The conclusions that can be drawn from this study are as follows:

• An increase in the f-factor, leading to a more accurate coupling between the capillary tube and suction line, brings as an advantage an increase in the degree of superheating of the refrigerant entering the compressor, reducing the risk due to the presence of liquid in the compressor. On the other hand, the COP increase is almost negligible, in the order of 3%, in line with data in the literature (Ji Hwan Jeong, 2012 [7]).
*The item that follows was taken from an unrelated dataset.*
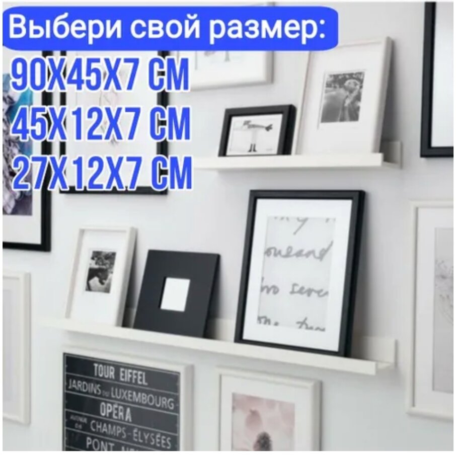 Полка Настенная Прямая Навесная, Для картин, для фотографий, 45х12х7 см, белая, 1 шт.
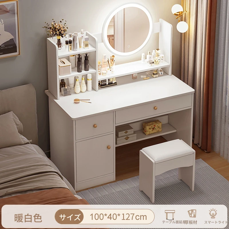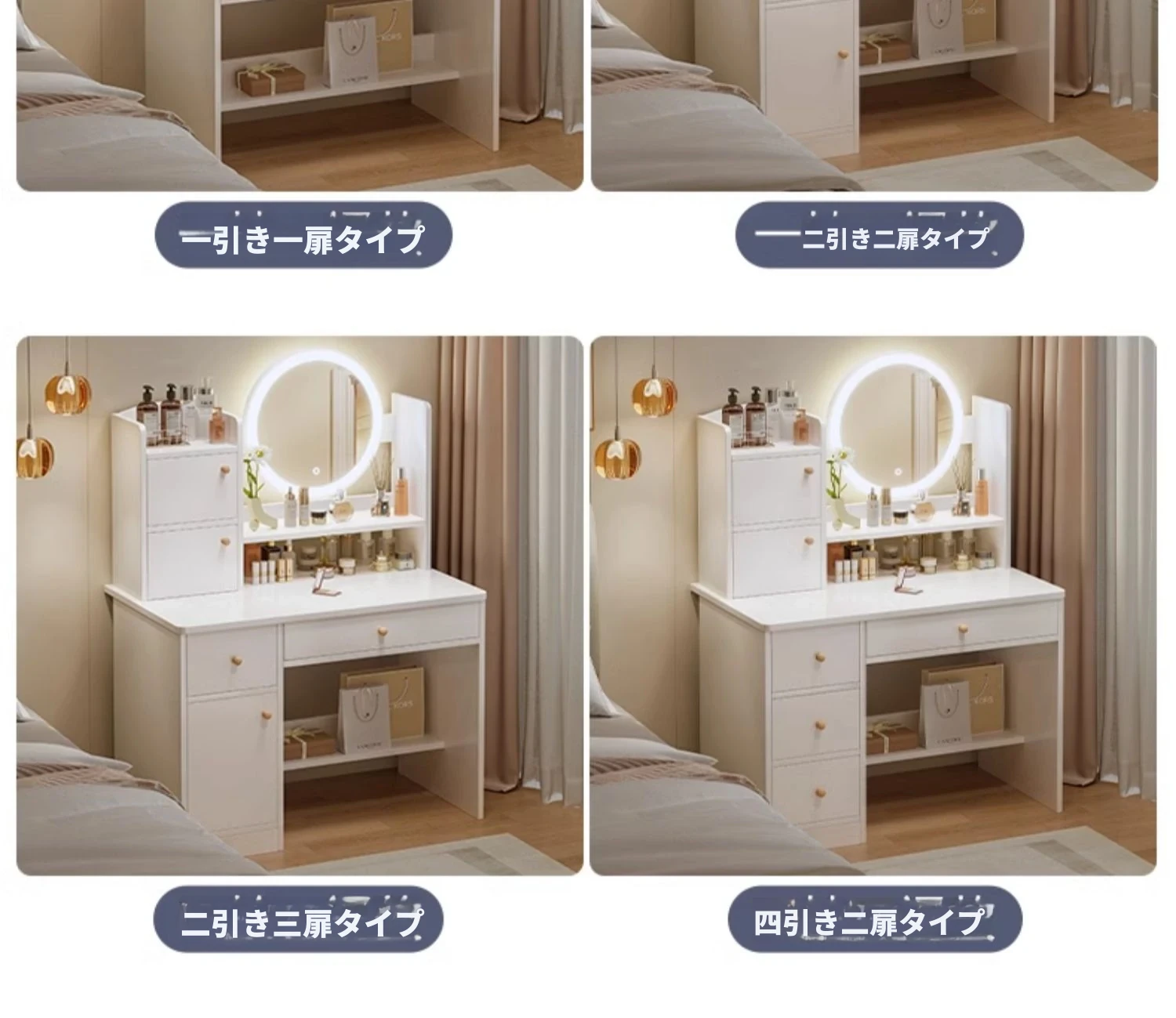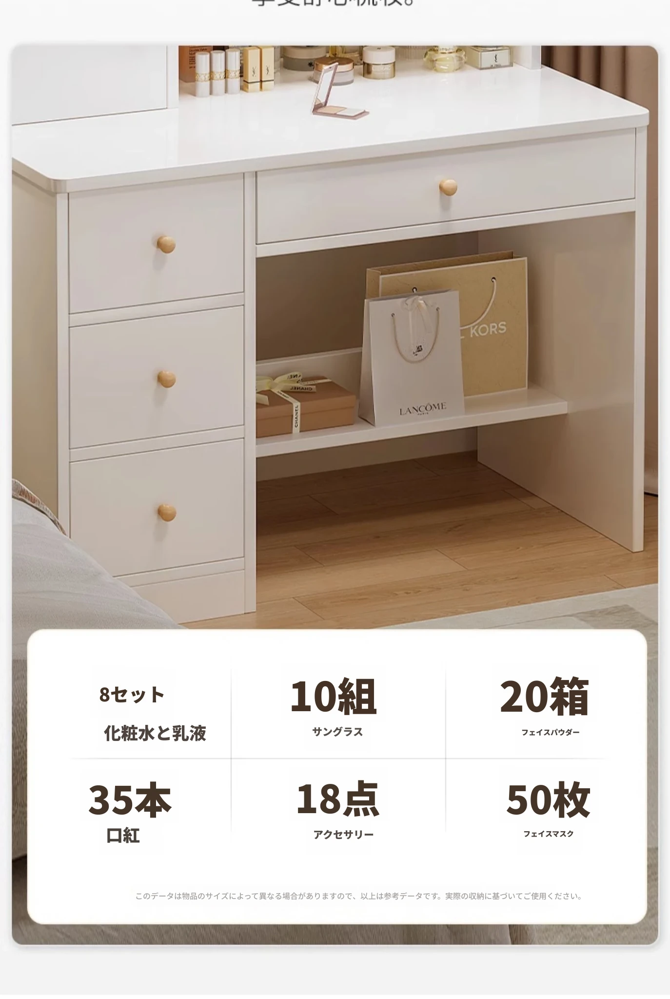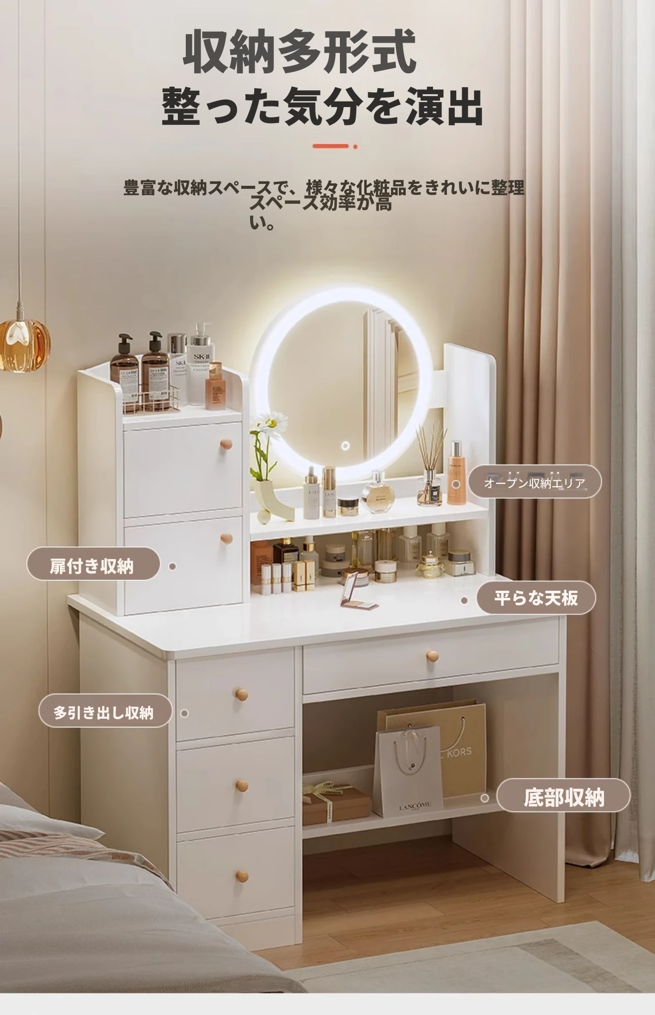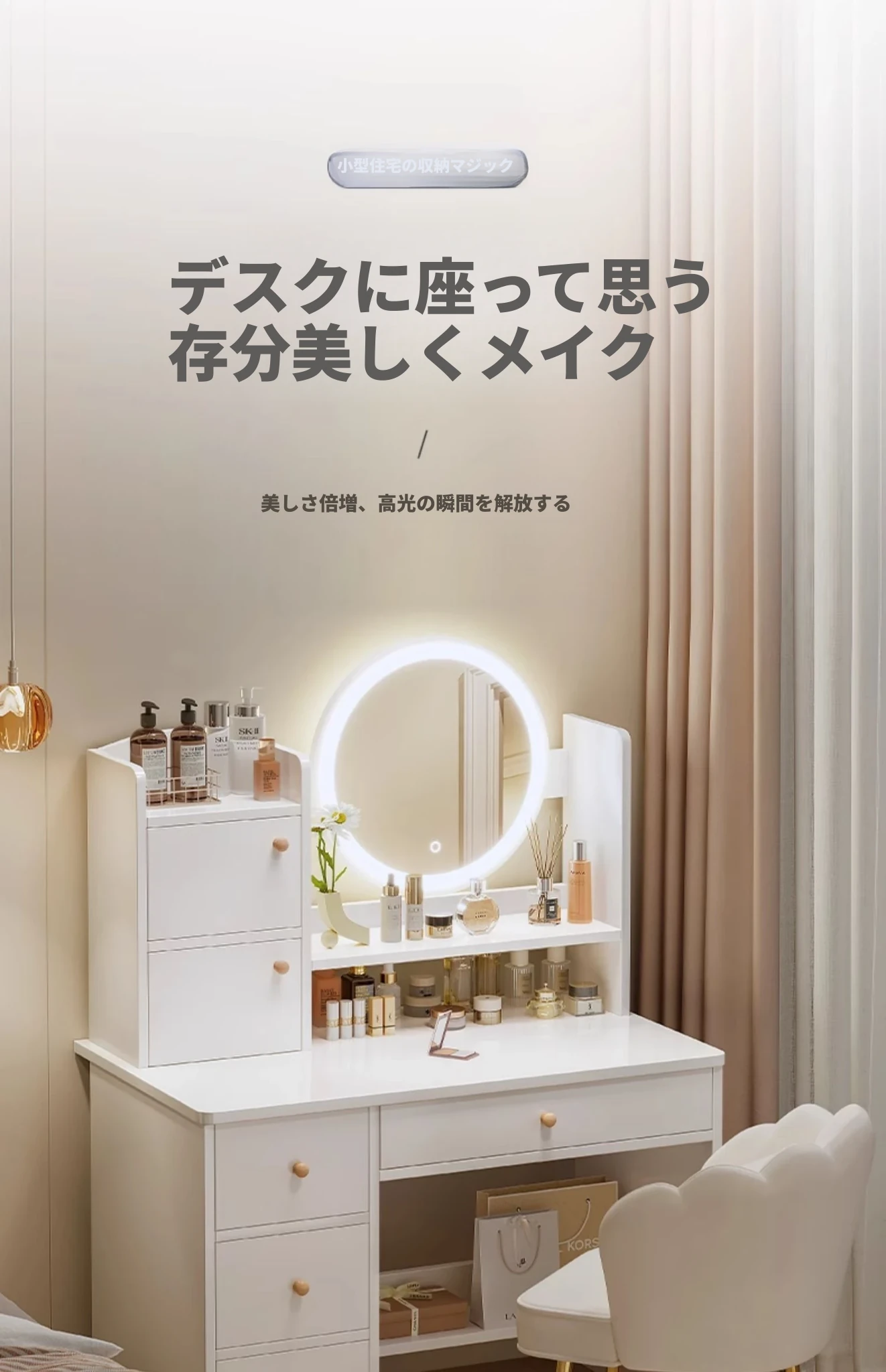 シンプルでモダンなドレッサー|化粧収納一体型キャビネット|人気のメイクアップミラー付き|主寝室にぴったりな化粧台で、毎日のメイクをもっと楽しく!

• The increase in the capillary tube length of 300% has an influence on the degree of overheating and on the decrease in refrigerant charge of up to 60%, which contributes to charge reduction but, in turn, causes a decrease in cooling capacity.